Farnborough helps prevent 3,000 infringements

21 January 2013

A NATS team based at Farnborough Airport has cause to celebrate having helped prevent its 3,000th airspace infringement.

The Lower Airspace Radar Service (LARS), which is joint-funded by NATS and Farnborough Airport, was set up in 2008 specifically to help pilots flying on the edges of the London Terminal Manoeuvring Area (LTMA) – one of the busiest areas of airspace anywhere in the world.

It exists to help reduce the chance of aircraft infringing into controlled airspace, something which is both a potential safety risk and disruptive to airport operations.

Farnborough tower

Even a 15 minute stop in departures at Heathrow Airport due to an infringing aircraft can cause delays that take two hours to recover from.

The 10-strong Farnborough team constantly monitors flights to identify those that have a high risk of entering controlled airspace, either by geographical position, direction of flight, or level.
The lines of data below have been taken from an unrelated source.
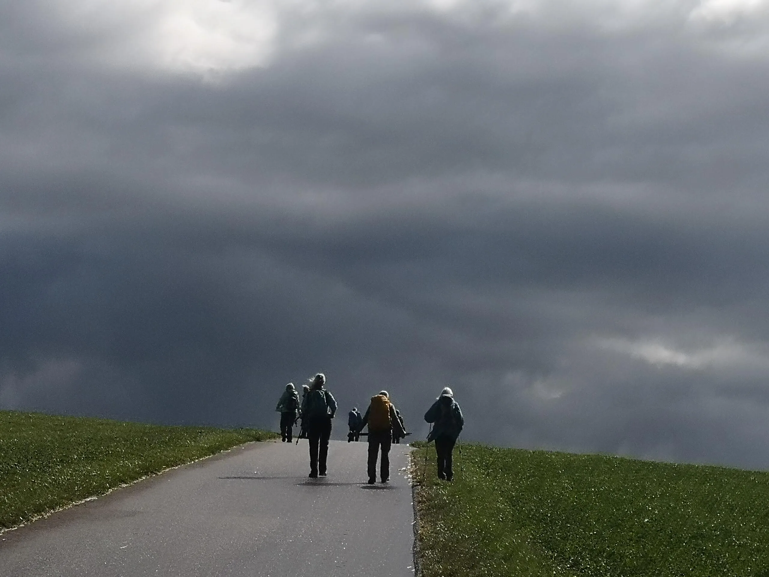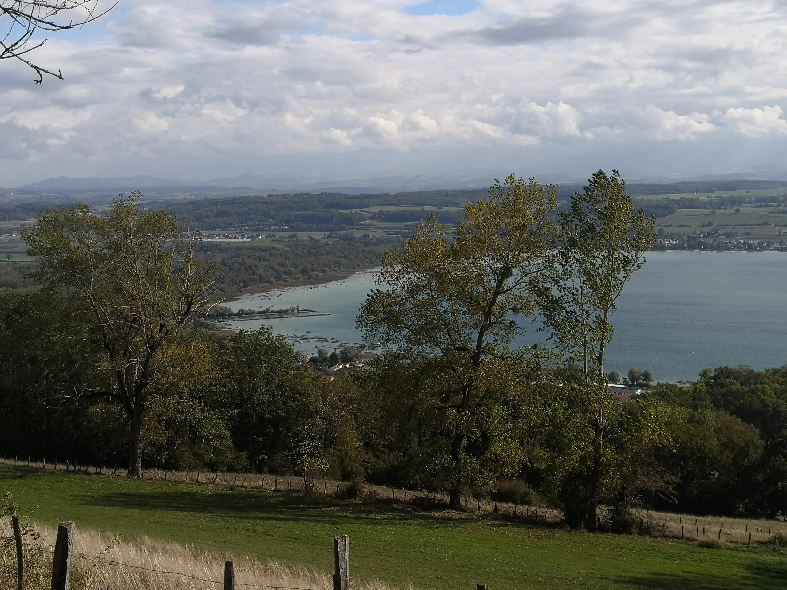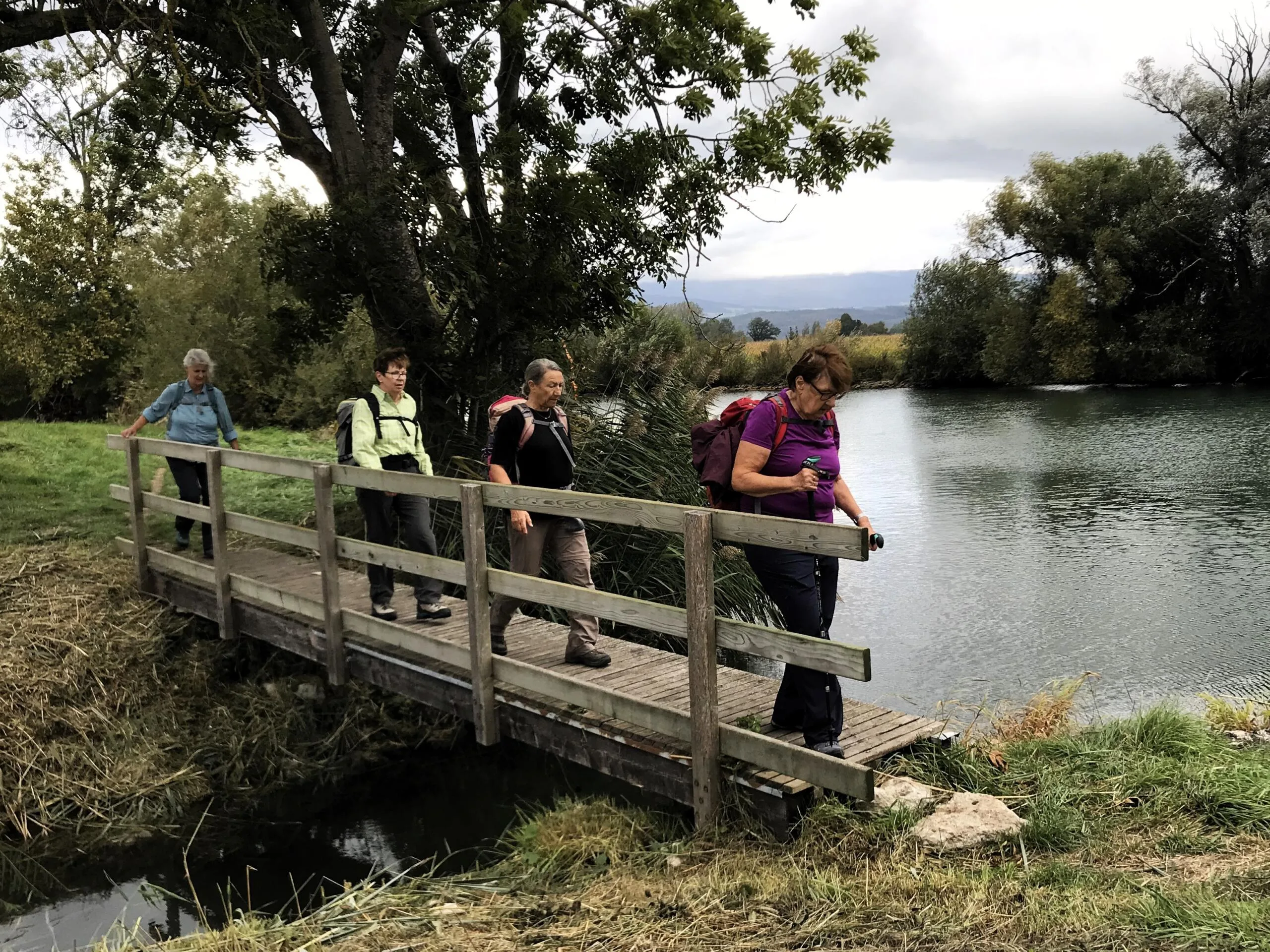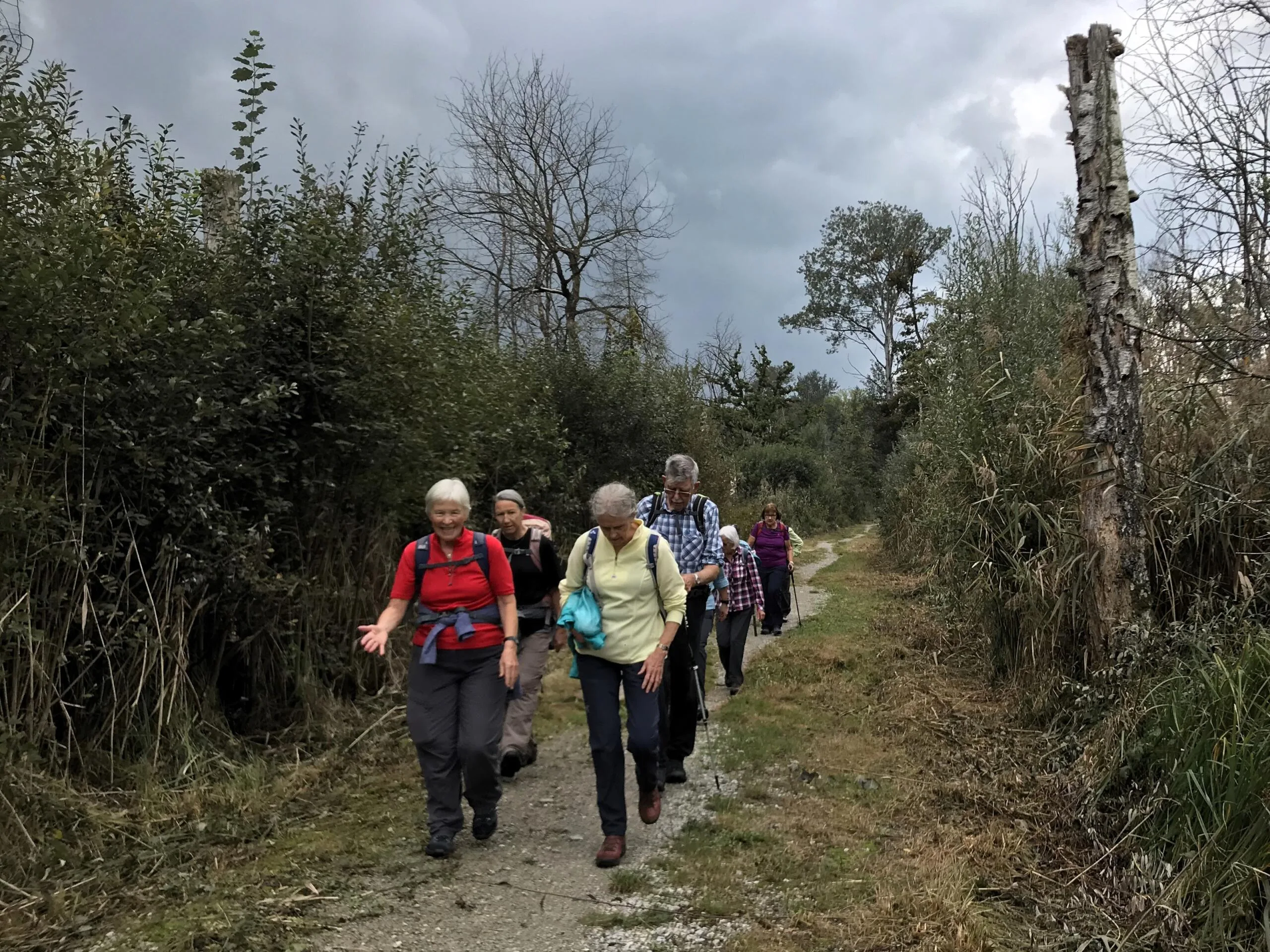 Um 09.00 Uhr treffen sich am Bahnhof Bern 11 Wanderfreudige. Der Wetterbericht prophezeit Regen… die Natur kann ihn gebrauchen. Wir fahren bis Cudrefin am Neuenburgersee, dort gibt’s wie üblich mal Kaffee. Regenschutz brauchen wir noch nicht. Zuerst wandern wir etwa 3 Kilometer dem See entlang bis La Sauge. Hier ist das Naturschutzgebiet der Grand Cariçaie, ein wichtiges Zwischenziel für die Vögel. Zwei Männer von uns versuchen die gerade Strecke in der halben Zeit zu laufen…. Sie warten jedoch schon auf die etwas Langsameren… Bald geht’s dem Broyekanal entlang. Die Wolken werden schwärzer und die ersten Regentropfen fallen. Doch es lohnt sich kaum, den Regenschutz anzuziehen. Vor dem Mont Vully machen wir Mittagshalt. Nach kürzerem Aufstieg sind wir bald auf dem Plateau oben mit den riesigen Ackerflächen. Im Westen werden die Wolken immer schwärzer, betrifft uns aber nicht. Es gibt noch einmal eine Pause bei den Überresten der Helvetier, die da mal gehaust haben. Nun wechseln wir auf die Murtensee Seite. Es geht ziemlich steil hinab durch die Rebberge. Bald ist Sugiez erreicht, natürlich darf dort ein Gâteau de Vully nicht fehlen…. Mit dem Zug geht’s wieder heimwärts. Danke an Kurt für die Organisation, jemand hatte auch noch mit dem Petrus geredet und uns kaum Regen trotz den Wetterprognosen beschert. K.F.
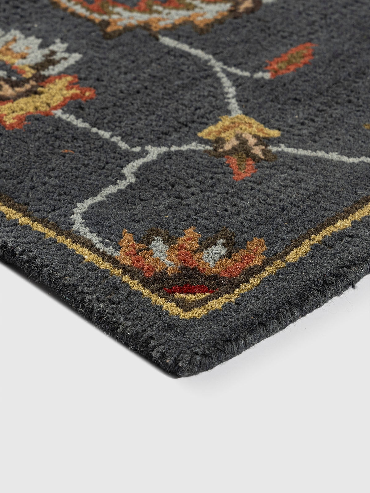 Owning Noorjahan Wool Tufted Rug is like owning a story-one woven in wool, soaked in tradition, and brought to life by the skilled hands of artisans. With its rich midnight base and intricate floral pattern, this hand-tufted rug is a quiet celebration of beauty, heritage, and lasting craftsmanship.
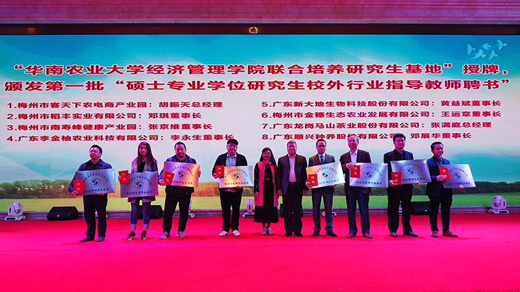 yl6809永利官网首次在梅州建立以梅州市农业局为牵头单位的研究生联合培养基地群。通过遴选,客天下农电商产业园、稻丰实业有限公司、李金柚农业科技有限公司等8家企业入选“yl6809永利官网联合培养研究生基地”,并选聘8位企业负责人为“硕士专业学位研究生校外行业指导教师”。选聘优秀企业家和技术人才担任研究生行业导师,开展现场教学、承担案例教学课程、举办专题讲座等,力求在人才、研究平台、基础设施等方面实现研究生培养的资源共享。
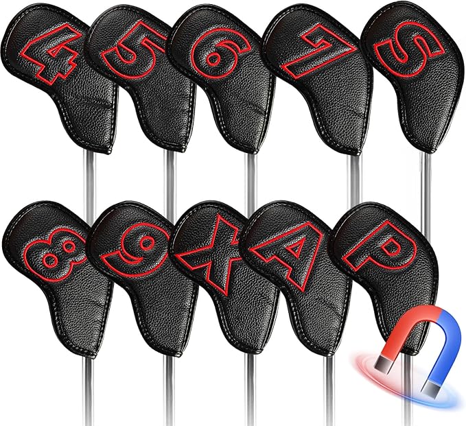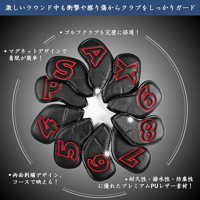 ゴルフアイアンカバー 10枚セット マグネット式開閉 ゴルフヘッドカバー ウェッジカバー 高級PUレザー 軽量 耐久性・撥水性・防塵性・耐摩耗 両面番号刺繍 究極のヘッド保護カバー LT-011
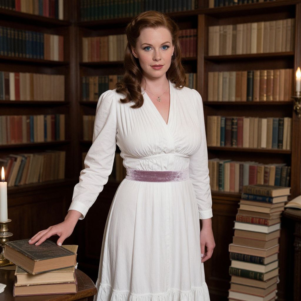 A woman with a porcelain complexion and bright blue eyes stands in a candlelit vintage bookstore, dressed in a nice long white dress with a soft ruffled hem and a velvet waist, wearing a costume that resembles a 1940s librarian from an old film, books scattered around her with her hand resting on a vintage novel.. The woman has big tits and cute face
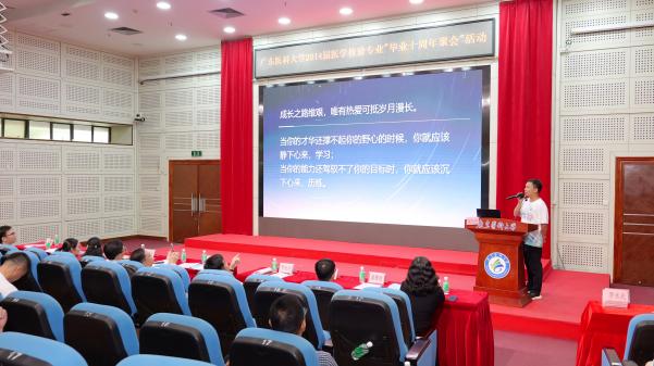 随后,大家移步到行政楼一楼报告厅参加校友经验分享会。分享会由伟德国际1946源于英国党委书记阮杰主持。曾志嵘副校长发表了热情洋溢的致辞,他对校友们的归来表示热烈的欢迎和衷心的感谢,回顾了学校建校66年、医学检验专业办学35年、医学检验学院成立20年和更名伟德国际1946源于英国5年来,学校、学院的发展历程和办学成就。他提到,毕业离校的这10年,校友们在医学检验领域或其他领域建功立业,母校也在这10年里蓬勃发展。在这10年里,母校成功更名为广东医科大学,有5个学科进入全球ESI排名前1%。此外,学校还拥有一支由国家杰青、国家优青领衔以及双聘院士参与的教师队伍,这些成就都离不开校友们的关心和支持。他高度肯定了伟德国际1946源于英国在人才培养上的探索与贡献,特别是构筑了“学院+产业学院+书院”的特色育人格局,产业学院获评为广东省示范性现代产业学院。他强调,校友是大学办学最核心的成果,也是体现大学的价值和品质的关键所在,校友怎么样,大学就是什么样。他希望,各位校友一如既往地继续关心和支持母校的发展,期待在未来能够与校友们携手并进,共同书写广东医科大学更加辉煌的篇章!他最后祝愿校友们身体健康,家庭幸福,在未来的事业中取得更大的成就!
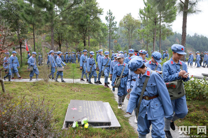 學(xué)生們在紅色革命根據(jù)地東固鎮(zhèn)瞻仰紅軍烈士陵園(央廣網(wǎng)發(fā) 通訊員供圖)
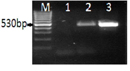 Avian mitochondrial DNA amplification was used prior to PBFDV PCR assay to ensure that DNA concentration and quality were not factors in PBFDV PCR results. Successful amplification of a 530 bp PCR product was achieved from tested avian DNA extracts at the lower and higher DNA concentration values (Figure 3). There were no indications of PCR inhibition in DNA extracts from either blood or feathers. Ten microliters of avian blood were extracted using the DNeasy Blood & Tissue Kit (QIAGEN Sciences, Maryland, and USA). PCR was conducted using the 12S rRNA gene primers.8 Lane M, standard size marker, L1 negative control, L 2&3 test samples.
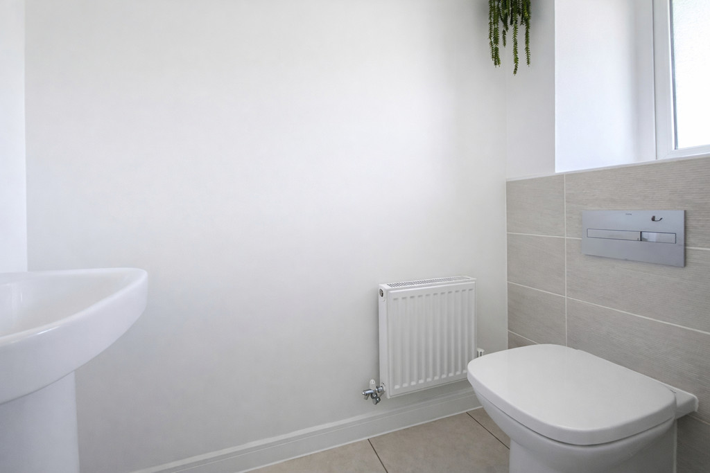 CLOAKROOM Tiled floor, opaque double glazed window to front, WC, pedestal wash hand basin with tiled splashback.

The NATS controller then makes contact to alert the pilot and offers them advice on avoiding an infringement.

Dan Foster, NATS General Manager at Farnborough Airport, says: “We provide a service to about 110,000 aircraft a year, which accounts for around a fifth of all LAR services across Britain, so it’s a very busy operation.

“Traffic can range from hot air balloons to helicopters, military jets to paramotors, and small single engine Cessna’s to Boeing 737s. No two days are the same, which means the controllers have to be particularly flexible.”